┏━━
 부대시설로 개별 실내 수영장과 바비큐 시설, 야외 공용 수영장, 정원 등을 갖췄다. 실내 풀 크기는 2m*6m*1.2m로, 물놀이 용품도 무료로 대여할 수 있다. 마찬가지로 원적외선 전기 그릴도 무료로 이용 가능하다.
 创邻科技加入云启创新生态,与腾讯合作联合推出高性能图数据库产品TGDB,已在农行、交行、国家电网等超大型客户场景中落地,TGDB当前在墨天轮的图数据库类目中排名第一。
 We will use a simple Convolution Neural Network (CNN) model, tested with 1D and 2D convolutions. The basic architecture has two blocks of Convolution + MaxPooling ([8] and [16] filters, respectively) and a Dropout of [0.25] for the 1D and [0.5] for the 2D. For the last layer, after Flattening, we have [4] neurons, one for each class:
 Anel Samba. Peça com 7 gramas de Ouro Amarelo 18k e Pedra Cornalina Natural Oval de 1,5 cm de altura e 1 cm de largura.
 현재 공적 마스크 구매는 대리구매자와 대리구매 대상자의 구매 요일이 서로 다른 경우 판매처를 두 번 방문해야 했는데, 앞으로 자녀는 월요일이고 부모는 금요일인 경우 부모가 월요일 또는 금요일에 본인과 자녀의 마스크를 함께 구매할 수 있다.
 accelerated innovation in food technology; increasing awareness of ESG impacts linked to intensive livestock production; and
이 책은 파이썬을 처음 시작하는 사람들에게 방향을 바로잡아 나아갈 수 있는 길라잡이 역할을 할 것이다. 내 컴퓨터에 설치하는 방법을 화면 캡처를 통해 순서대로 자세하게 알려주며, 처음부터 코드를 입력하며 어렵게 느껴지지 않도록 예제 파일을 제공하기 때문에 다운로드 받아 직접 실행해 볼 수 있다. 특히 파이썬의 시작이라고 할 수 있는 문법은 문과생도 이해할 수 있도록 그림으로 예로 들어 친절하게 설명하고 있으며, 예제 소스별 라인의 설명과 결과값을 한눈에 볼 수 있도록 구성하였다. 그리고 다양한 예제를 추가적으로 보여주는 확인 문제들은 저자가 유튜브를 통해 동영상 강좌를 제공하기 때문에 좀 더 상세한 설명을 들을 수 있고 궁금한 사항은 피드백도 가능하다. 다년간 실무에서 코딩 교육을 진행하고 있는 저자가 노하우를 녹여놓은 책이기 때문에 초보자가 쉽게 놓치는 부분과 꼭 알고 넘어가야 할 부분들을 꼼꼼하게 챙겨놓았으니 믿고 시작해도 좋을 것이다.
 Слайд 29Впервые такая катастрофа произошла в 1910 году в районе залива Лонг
┗━━
## Task directions
Take the line containing "이 책은 파이썬을 처음" as the start and the last line of the data as the end, and reproduce that range exactly.

## Finished task
이 책은 파이썬을 처음 시작하는 사람들에게 방향을 바로잡아 나아갈 수 있는 길라잡이 역할을 할 것이다. 내 컴퓨터에 설치하는 방법을 화면 캡처를 통해 순서대로 자세하게 알려주며, 처음부터 코드를 입력하며 어렵게 느껴지지 않도록 예제 파일을 제공하기 때문에 다운로드 받아 직접 실행해 볼 수 있다. 특히 파이썬의 시작이라고 할 수 있는 문법은 문과생도 이해할 수 있도록 그림으로 예로 들어 친절하게 설명하고 있으며, 예제 소스별 라인의 설명과 결과값을 한눈에 볼 수 있도록 구성하였다. 그리고 다양한 예제를 추가적으로 보여주는 확인 문제들은 저자가 유튜브를 통해 동영상 강좌를 제공하기 때문에 좀 더 상세한 설명을 들을 수 있고 궁금한 사항은 피드백도 가능하다. 다년간 실무에서 코딩 교육을 진행하고 있는 저자가 노하우를 녹여놓은 책이기 때문에 초보자가 쉽게 놓치는 부분과 꼭 알고 넘어가야 할 부분들을 꼼꼼하게 챙겨놓았으니 믿고 시작해도 좋을 것이다.
 Слайд 29Впервые такая катастрофа произошла в 1910 году в районе залива Лонг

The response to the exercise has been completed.